Wirth altered his plans for the parkway in 1919 when former park board president Charles Loring made a generous offer to the park board. (Loring had already donated to the park board the recreation shelter in Loring Park and had paid for the construction of an artificial waterfall flowing into Wirth Lake.) Loring had long desired to create a memorial to American soldiers. In 1908 he had commissioned a young Minneapolis architect, William Purcell, to design a memorial arch dedicated to soldiers. Where he hoped to place the arch is not known. But in the wake of World War I, Loring proposed another kind of monument; he would plant memorial trees to soldiers along the city’s parkways. Wirth had a better idea. He thought the planned Camden-Glenwood Parkway was the ideal place to plant rows of stately elm trees as a memorial. Loring liked the idea and agreed to pay for the trees and deposit $50,000 for their perpetual care. The result was a memorial drive, with the parkway centered on the strip of land, instead of off to one side.

The board accepted Loring’s offer, named the new parkway Victory Memorial Drive, and Wirth set out to find the perfect tree. He found a type of elm, called the Moline elm, in nurseries in Chicago and New York, and brought them to the park board’s nursery at Glenwood (Wirth) Park in 1919, so they would be well-established for replanting along the parkway when it was finished.

With memorial trees ready to be planted, and an additional 5.3 acres of land acquired for a monument at the northwest corner of the parkway, the final three miles of the Victory Memorial Drive were completed in 1921. On June 11, 1921 the new parkway, and its news trees, were dedicated in a grand ceremony. Loring, then age 87, was not healthy enough to attend, but drove over the new parkway the day before with his old friend William Folwell.

Later that year both General John Pershing and Marshal Ferdinand Foch, the French commander of Allied forces during World War I, visited the parkway and expressed their admiration for the living memorial. The name of each soldier from Hennepin County who had died in war was placed on a wooden cross in front of a tree. Unfortunately the special elms selected for the drive weren’t hardy enough for Minnesota’s winters and were replaced in 1925.

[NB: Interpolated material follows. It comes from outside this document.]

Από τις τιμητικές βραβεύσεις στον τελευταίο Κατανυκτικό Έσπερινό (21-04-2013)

The wooden crosses were replaced as well in 1928, on the tenth anniversary of the end of World War I, when bronze crosses and stars, each inscribed with the name of a soldier, were installed.

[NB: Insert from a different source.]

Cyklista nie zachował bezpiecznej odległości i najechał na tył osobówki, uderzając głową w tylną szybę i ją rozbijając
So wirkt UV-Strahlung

The original wooden flag pole installed as a monument where the northbound parkway turns east at 45th Avenue was replaced by a bronze flag pole and ornamental base in 1923 by the American Legion of Hennepin County. A statue of Abraham Lincoln, a replica of St. Gaudens’ famous sculpture, was installed at the intersection in 1930.

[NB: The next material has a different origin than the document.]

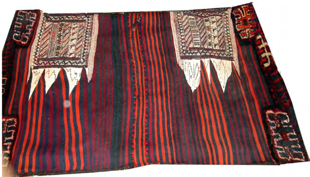
تصویر ۷: این نقش، حکایت از دمیدن نور امید از پس تاریکی‌ها دارد (مأخذ: نگارنده)

در خورجین‌های بزرگ، نقوش در قسمت‌های پرزدار با قسمت‌های بدون پرز متفاوت است. مهم‌ترین نقشی که دارای بار معنایی است و در پشت کار بافته می‌شود عبارت است از مربع‌هایی که نقوشی مثلثی شکل از آن وارد نقش راه‌راه سورمه‌ای و قرمز رنگ زمینه می‌شوند. «بر اساس تعبیر بافندگان، به‌کارگیری رنگ سفید به‌صورت شعاع یا پرتو از لابه‌لای خطوط افقی و موازی سیاه و سرمه‌ای و قرمز، نشانه تابیدن نور از پشت

Other than taking out the original bridle paths that were built along the parkway, the parkway remains much as it was when it was constructed. The only other change is that many of the majestic elms in two rows beside the parkway succumbed to Dutch Elm disease in the 1970s and after. Now a less uniform growth of a variety of trees covers the parkway with shade.

In November 1959, the park board received a scare when consultants hired by the Hennepin County Board recommended that the county take over the parkway for the purpose of creating a county highway. The park board registered its opposition to the proposal in early 1960, as did the Veterans of Foreign Wars, who opposed the “desecration” of memorials to soldiers.

While the conversion of Memorial Parkway into a freeway appears not to have been seriously considered, two years later the board still included Victory Memorial Drive among parks and parkways that could be reduced or lost to freeways. During the 1960s and after when freeways were built across the city, the park board did lose two parks (Wilson Park and Elwell Park) and parts of several more to freeways. But all of those losses were for interstate freeways, not county highways.